I have already mentioned trade fraud in article on technological trends where I referred to the report Sensormatic Shrink Index indicating that investing in tools to minimize fraud rates in the store space makes sense. Today I want to introduce you to a specific <product placement warning> solution in this area – developed in cooperation between Euvic and the American company March Networks. This tool is, in principle, an advanced fraud detection class solution. However, its use causes both employees and customers to realize that suspicious events are being monitored, which inadvertently makes it also function as a fraud prevention system.
How to prevent fraud?
In order to prevent and thus reduce the scale of fraud, it is first and foremost necessary to know the sources of the fraud and then to select appropriate measures to counter it. The Sensormatic report indicates that more than half of the trade scams take place in the store space and as much as ¼ of them take place with the participation of shop staff. However, as the supervision of shop space by security staff is very costly, shop owners are increasingly turning their thoughts towards technical protection. The above-mentioned Sensomatric report indicates that technical security measures are a key investment area for 62% of respondents, while only 10% of respondents admit that they do not invest in this type of security measures at all. There are three ways to prevent fraud.
First of all, thanks to the monitoring. Customers know that in every store they are closely watched by cameras, and this awareness deters many of them from doing wrong things. However, skilled thieves know that it is impossible to effectively observe images from multiple cameras simultaneously. In small convenience stores there are at least several cameras, in supermarkets – a dozen or so, and in hypermarkets – over 100. Moreover, for technical reasons, it is also unrealistic to look through thousands of hours of post factum recordings. In the example of Żabka chain of stores – 4 cameras installed in one store, recording for 17 hours a day, equals to 340 hours per week. On a monthly or annual basis, this number becomes really impressive.
Secondly, thanks to the analysis of data from cash systems. As you can see in the chart below, you can draw a lot from the data coming mainly from cash and payment systems.
What is next? Let’s assume that we have identified a pattern whereby the same customer (the same credit card ID) is reimbursed once a day for small claims. Fraud? Not necessarily. Or otherwise, 10 bottles of a particular type of whisky are somehow stolen from the store every month. The monitoring does not indicate anything suspicious, but the inventory speaks for itself. Fraud? Without additional data, we are not able to finally state this and, most importantly, to prove it. We do not know how the goods disappears, who is responsible for it and if our own cashier is not involved. So, as you can see, just the data, that’s not all.
Third – thanks to artificial intelligence used both in CCTV systems and in fraud detection tools, which allows to detect suspicious behavior. The cameras automatically count customers, identify if someone has not appeared in the forbidden zone at certain times, check if the cashier does not leave the workplace. BI systems, on the other hand, capture repeated complaints and unfinished card transactions and thus, from among many data, identify those situations that require special attention and preventive measures.
Fraud prevention and fraud protection to meet the needs of modern business
The solution developed in cooperation between Euvic and March Networks combines all three elements described above, supplementing them with the human factor. How does it work in practice?
At the store level, the cameras equipped with software specializing in fraud detection and the Artificial Intelligence Module, record accurately parameterized images in the DVR, typing out fragments of recordings in which AI has detected suspicious behavior.

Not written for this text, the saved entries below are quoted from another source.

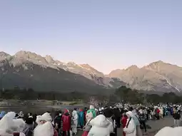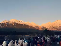 ▸ The crowd is tempered into obsidian in the -7°C cold wind! Frost forms on thick down jackets and knitted hats, while a forest of phone stands pierces the indigo sky. The snow-capped mountain's silhouette emerges in the icy tempering process.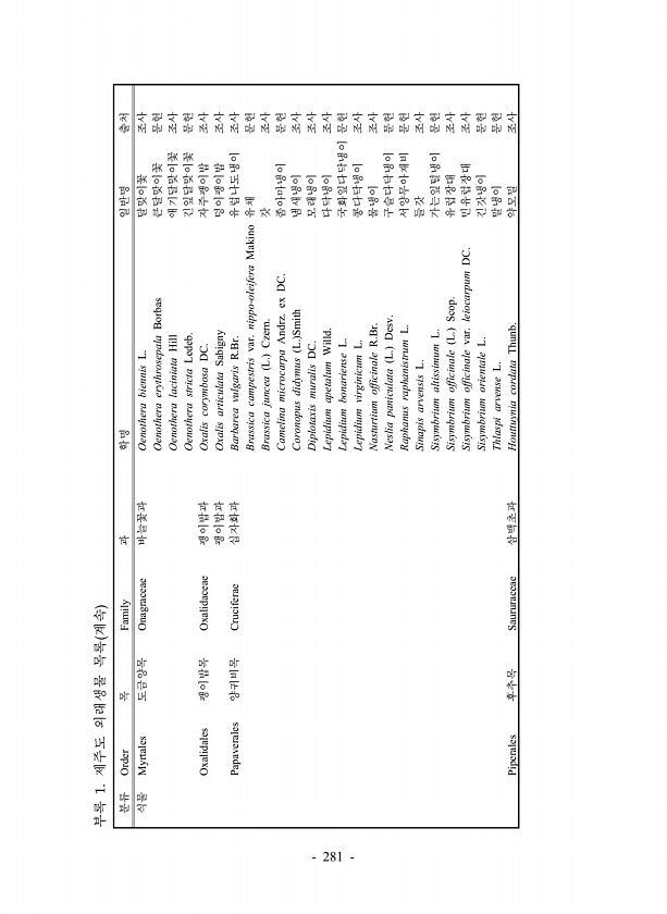 분류 Order 목 Family 과 학명 일반명 출처 식물 Myrtales 도금양목 Onagraceae 바늘꽃과 Oenothera biennis L. 달맞이꽃 조사 Oenothera erythrosepala Borbas 큰달맞이꽃 문헌 Oenothera laciniata Hill 애기달맞이꽃 조사 Oenothera stricta Ledeb. 긴잎달맞이꽃 문헌 Oxalidales 괭이밥목 Oxalidaceae 괭이밥과 Oxalis corymbosa DC. 자주괭이밥 조사 괭이밥과 Oxalis articulata Sabigny 덩이괭이밥 조사 Papaverales 양귀비목 Cruciferae 십자화과 Barbarea vulgaris R.Br. 유럽나도냉이 조사 Brassica campestris var. nip...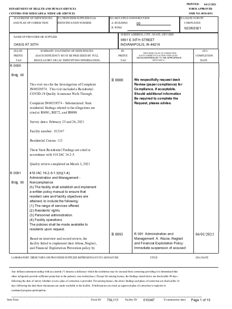 PRINTED: DEPARTMENT OF HEALTH AND HUMAN SERVICES CENTERS FOR MEDICARE & MEDICAID SERVICES STATEMENT OF DEFICIENCIES×X1) PROVIDER×SUPPLIER×LIGAND PLAN OF CORRECTIONIDENTIFICATION NUMBER:04×13/2021FORM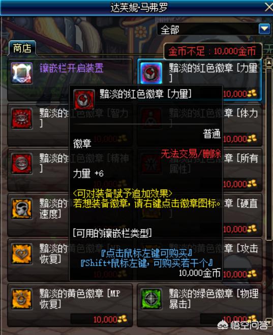 这里购买的徽章价格便宜,但是属性很低,一般只用于过渡。而且购买的徽章是无法合成的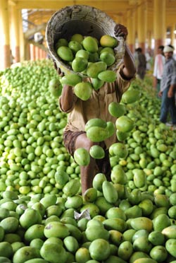 一名工人在印度海德拉巴附近的一個水果市場倒芒果。印度盛產(chǎn)芒果,這里每年出產(chǎn)的芒果接近世界總產(chǎn)量的一半。新華社/法新 |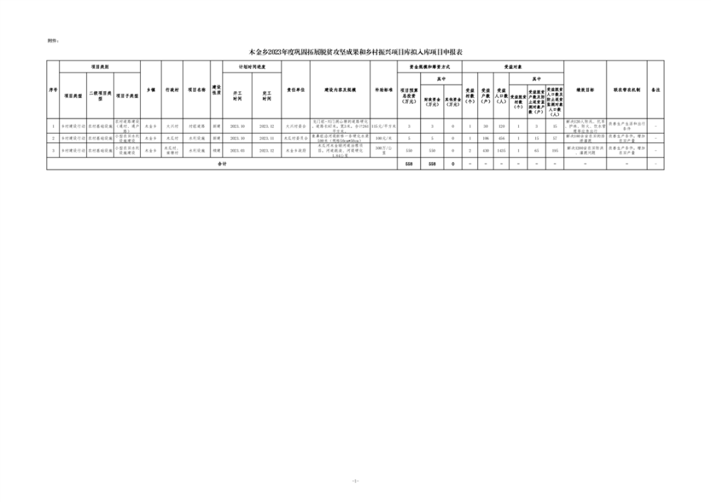 木金乡2023年度巩固拓展脱贫攻坚成果和乡村振兴项目库拟入库项目申报表

At the same time, the same artificial intelligence analyzes data from the cash system, identifying transactions that by definition require attention (e.g. returns or purchase of alcohol) and transactions that are potentially risky in connection with visual data (e.g. return of goods and no customer at the cash register).
Such transactions are reported, for example, to the store manager, regional director or the team of Investigative Consultants, who additionally review the events and evaluate them for potential fraud.
What does this review look like? A consultant (a person experienced in detecting and analysing shoplifting) reviews transactions and watches the corresponding recording from cameras. It assesses the level of probability of fraud, verifies the possibility of a shop employee’s participation in such an event and identifies potential patterns that are used as a basis for preventive actions, also in other shops.
What is the uniqueness of this solution? The artificial intelligence used in it allows to combine data from two different worlds (image and transaction data), provides tools to take action at every level (shop, region, headquarters) and guarantees remote expert support in the area of shop fraud.
The March Networks platform, on the one hand, allows for connecting existing cameras to the surveillance system and, on the other, allows for secure management of CCTV images and data at the level of any complex organizational structures. It is a solution that contributes to the success of many brands, among which are for example Total Wine & More.
Investment in fraud prevention and fraud protection systems is crucial for the functioning of the whole company. As one of the Żabka’s agents point out in an interview in Kultura Liberalna newspaper the scams are often carried out by its own employees and as a result of which the business can even go bankrupt.
Taking into account the costs that have to be borne when implementing such systems and the costs that this implementation will avoid, I can definitely say that this is a “game worth the gamble”.
The author of the article is Bartłomiej Łatka, an expert on retail and logistics.